Coherent vs. Incoherent Imaging

The convolution rule above comes in two distinct forms depending on whether the illumination is coherent (laser, single spatial mode) or incoherent (LED, thermal source, fluorescence).

Coherent imaging — the complex amplitude is the relevant quantity. The image amplitude is the convolution of the object amplitude with the coherent PSF:

\[U_\mathrm{image}(x,y) = h(x,y) * U_\mathrm{object}(x,y)\]

The system’s transfer function acts directly on complex amplitudes, and the OTF is the pupil function itself (top-hat up to \(\nu_\mathrm{max}\), zero beyond). Phase of the object is preserved and contributes to image contrast.

Incoherent imaging — intensities add (no phase relationship between source points). The image intensity is the convolution of the object intensity with the incoherent PSF:

\[I_\mathrm{image}(x,y) = |h(x,y)|^2 * I_\mathrm{object}(x,y)\]

The incoherent OTF is the autocorrelation of the pupil function, which extends to twice the coherent cut-off (\(2\nu_\mathrm{max}\)) but with reduced contrast at high frequencies. Despite the wider bandwidth, incoherent systems do not always produce sharper images than coherent systems — the MTF rolloff and the absence of phase contrast mean the two regimes are suited to different tasks.

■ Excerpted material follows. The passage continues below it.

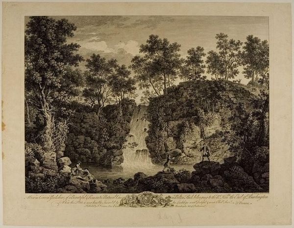 Curator: Francois Vivares' "Landscape with Narcissus," currently held at the Harvard Art Museums, presents a classically-inspired scene rendered with delicate etching techniques. Editor: It feels so staged, almost theatrical. The figures are posed, and the landscape feels like a backdrop. Is it trying to convey some specific social or moral message about vanity? Curator: Perhaps. Consider the printmaking process itself. Prints like these were vital for disseminating images and ideas. The availability and affordability democratized access to such scenes, potentially influencing broader cultural tastes and values. Editor: That's interesting. So, it’s not just about the myth of Narcissus, but also about the print's role in circulating that narrative within a specific social context. I now see that the commodification of this scene through prints added another layer to its meaning. Curator: Exactly. By examining the means of production and distribution, we uncover how art participates in shaping cultural understandings. Editor: Knowing that, the piece feels less like a simple illustration and more like a cultural artifact reflecting its time.
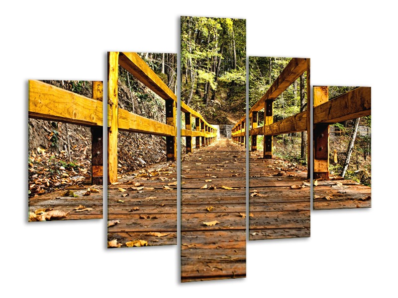 Canvas Schilderij Brug, Natuur | Bruin, Geel, Groen | 100x70cm 5Luik

Property Coherent Incoherent
Superposition Amplitudes Intensities
PSF \(h(x,y)\) (complex) \(|h(x,y)|^2\) (real, positive)
OTF Pupil function Autocorrelation of pupil
Bandwidth \(\nu_\mathrm{max}\) \(2\nu_\mathrm{max}\)
Phase sensitivity Yes No
Typical source Laser, SLM LED, fluorescence, white light

Fluorescence microscopy is inherently incoherent (each fluorophore emits independently), which is one reason it achieves clean, artefact-free images. Coherent systems such as holographic or interferometric microscopes recover phase and thus reveal refractive-index variations invisible to incoherent methods. The superresolution techniques discussed in later lectures (STED, STORM, SIM) each exploit specific aspects of this coherent/incoherent distinction.